TASK ITEM
From the line containing "kullanılmıştır. İsviçreli ressam" to the line containing "arribó al lugar." in the records below, set down every line exactly as it stands, both ends included, and skip the pictures.

RECORDS FOR THE EXERCISE
^^^^^^^^^^^^^^^^

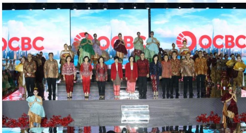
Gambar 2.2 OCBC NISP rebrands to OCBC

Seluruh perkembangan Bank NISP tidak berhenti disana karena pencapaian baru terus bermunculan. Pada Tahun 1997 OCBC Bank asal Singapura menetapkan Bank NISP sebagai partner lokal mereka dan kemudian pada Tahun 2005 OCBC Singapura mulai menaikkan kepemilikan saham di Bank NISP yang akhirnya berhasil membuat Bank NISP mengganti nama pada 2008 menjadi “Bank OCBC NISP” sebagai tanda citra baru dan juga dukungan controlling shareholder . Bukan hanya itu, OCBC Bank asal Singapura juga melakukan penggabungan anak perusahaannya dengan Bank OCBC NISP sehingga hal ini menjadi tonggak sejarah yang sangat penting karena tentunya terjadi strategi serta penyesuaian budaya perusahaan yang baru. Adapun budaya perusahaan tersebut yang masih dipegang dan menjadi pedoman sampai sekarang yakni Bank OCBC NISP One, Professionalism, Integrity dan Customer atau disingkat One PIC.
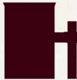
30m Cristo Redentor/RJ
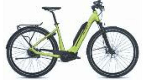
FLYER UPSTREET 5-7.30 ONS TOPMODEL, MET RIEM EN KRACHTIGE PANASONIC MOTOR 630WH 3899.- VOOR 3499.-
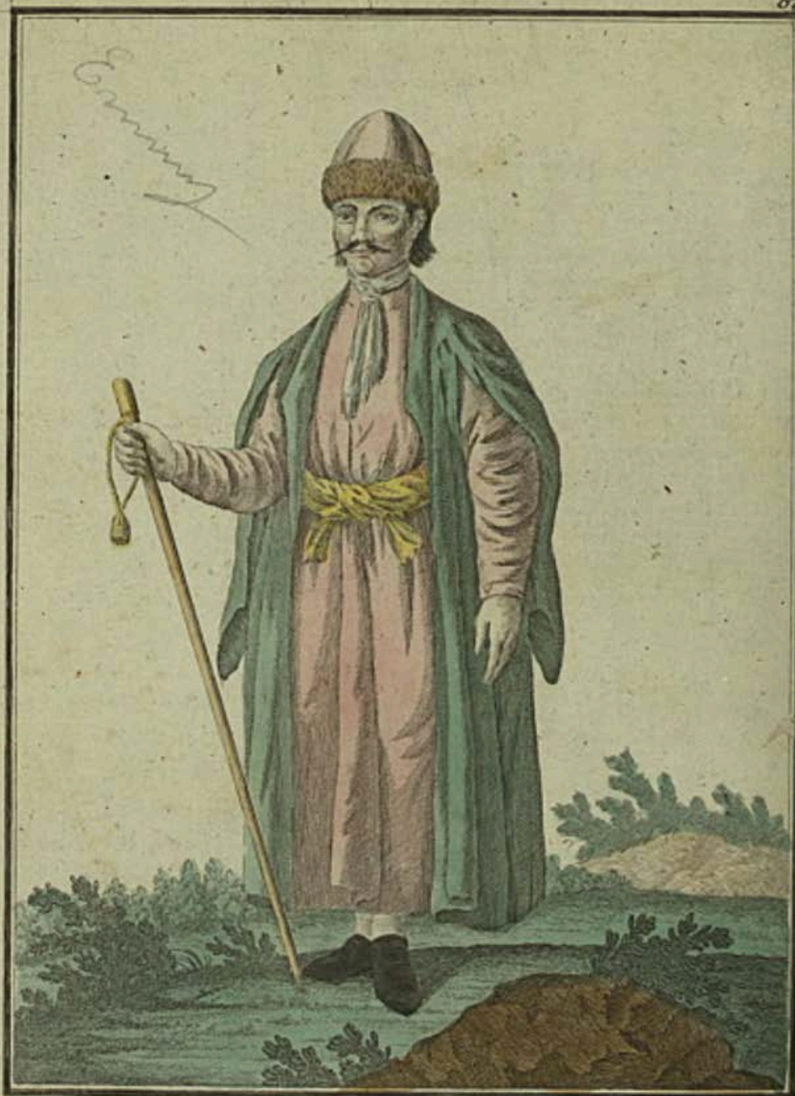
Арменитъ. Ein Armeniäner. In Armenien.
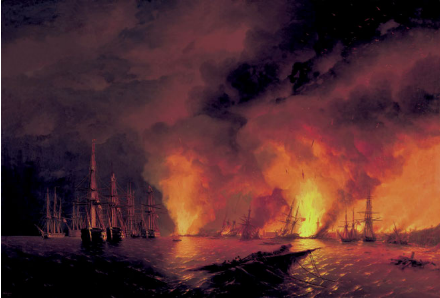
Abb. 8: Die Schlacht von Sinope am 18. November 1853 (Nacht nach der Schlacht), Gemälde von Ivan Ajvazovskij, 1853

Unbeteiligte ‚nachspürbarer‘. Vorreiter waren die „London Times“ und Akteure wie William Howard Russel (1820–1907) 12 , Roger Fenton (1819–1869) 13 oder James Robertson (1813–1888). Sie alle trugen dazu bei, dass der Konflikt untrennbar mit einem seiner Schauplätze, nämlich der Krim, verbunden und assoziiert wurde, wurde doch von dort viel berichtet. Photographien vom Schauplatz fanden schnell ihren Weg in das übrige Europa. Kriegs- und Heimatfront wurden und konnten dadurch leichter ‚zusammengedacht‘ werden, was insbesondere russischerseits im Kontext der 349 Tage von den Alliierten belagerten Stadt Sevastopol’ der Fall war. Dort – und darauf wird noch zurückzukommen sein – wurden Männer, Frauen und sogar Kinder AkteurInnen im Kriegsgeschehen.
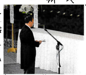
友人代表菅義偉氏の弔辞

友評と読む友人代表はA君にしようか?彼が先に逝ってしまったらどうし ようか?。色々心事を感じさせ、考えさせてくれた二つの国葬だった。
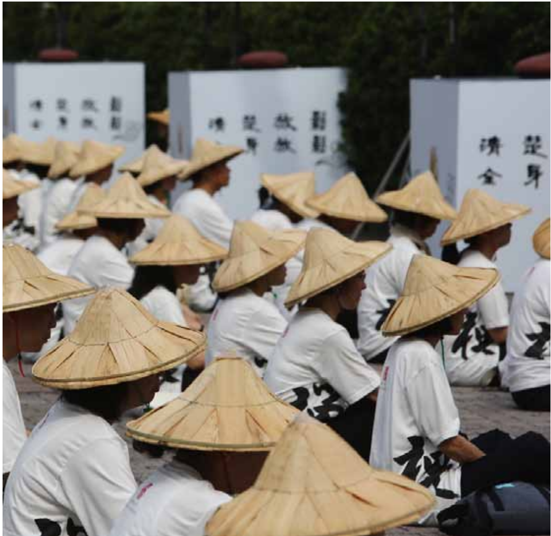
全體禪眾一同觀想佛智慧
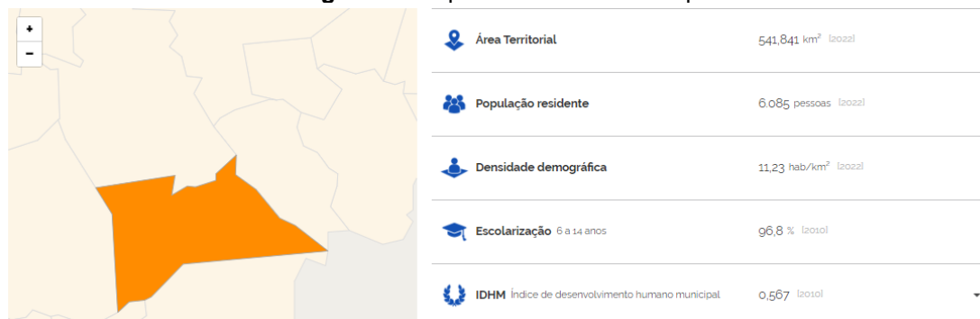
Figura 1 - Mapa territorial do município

^^^^^^^^^^^^^^^^

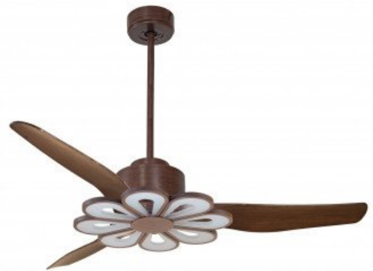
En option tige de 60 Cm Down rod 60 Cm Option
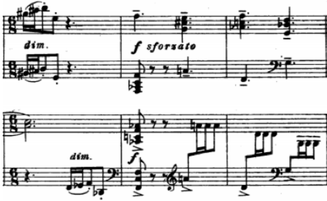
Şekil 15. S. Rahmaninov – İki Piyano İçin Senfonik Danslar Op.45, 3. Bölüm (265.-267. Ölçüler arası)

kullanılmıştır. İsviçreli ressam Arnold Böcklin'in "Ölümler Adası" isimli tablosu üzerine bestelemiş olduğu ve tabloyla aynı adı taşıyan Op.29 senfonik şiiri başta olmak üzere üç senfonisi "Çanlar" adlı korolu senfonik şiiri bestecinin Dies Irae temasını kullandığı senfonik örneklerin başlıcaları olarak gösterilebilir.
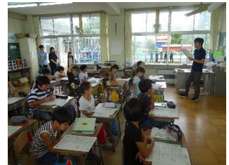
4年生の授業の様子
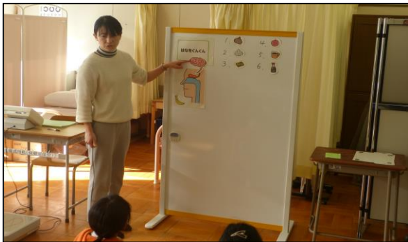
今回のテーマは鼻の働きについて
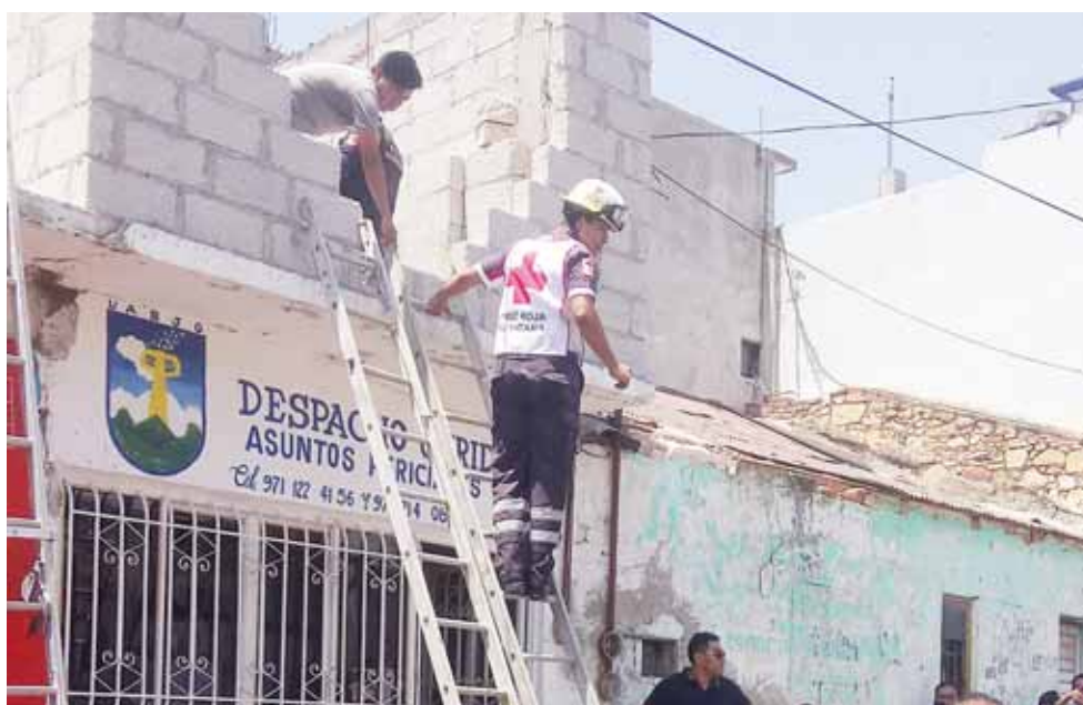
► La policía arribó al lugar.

^^^^^^^^^^^^^^^^

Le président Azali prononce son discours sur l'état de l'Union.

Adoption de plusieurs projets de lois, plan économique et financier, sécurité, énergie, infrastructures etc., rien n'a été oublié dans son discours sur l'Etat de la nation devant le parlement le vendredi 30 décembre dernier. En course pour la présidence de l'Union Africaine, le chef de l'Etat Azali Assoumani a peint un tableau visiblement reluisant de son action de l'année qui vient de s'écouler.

^^^^^^^^^^^^^^^^

EXERCISE ANSWER
kullanılmıştır. İsviçreli ressam Arnold Böcklin'in "Ölümler Adası" isimli tablosu üzerine bestelemiş olduğu ve tabloyla aynı adı taşıyan Op.29 senfonik şiiri başta olmak üzere üç senfonisi "Çanlar" adlı korolu senfonik şiiri bestecinin Dies Irae temasını kullandığı senfonik örneklerin başlıcaları olarak gösterilebilir.
4年生の授業の様子
今回のテーマは鼻の働きについて
► La policía arribó al lugar.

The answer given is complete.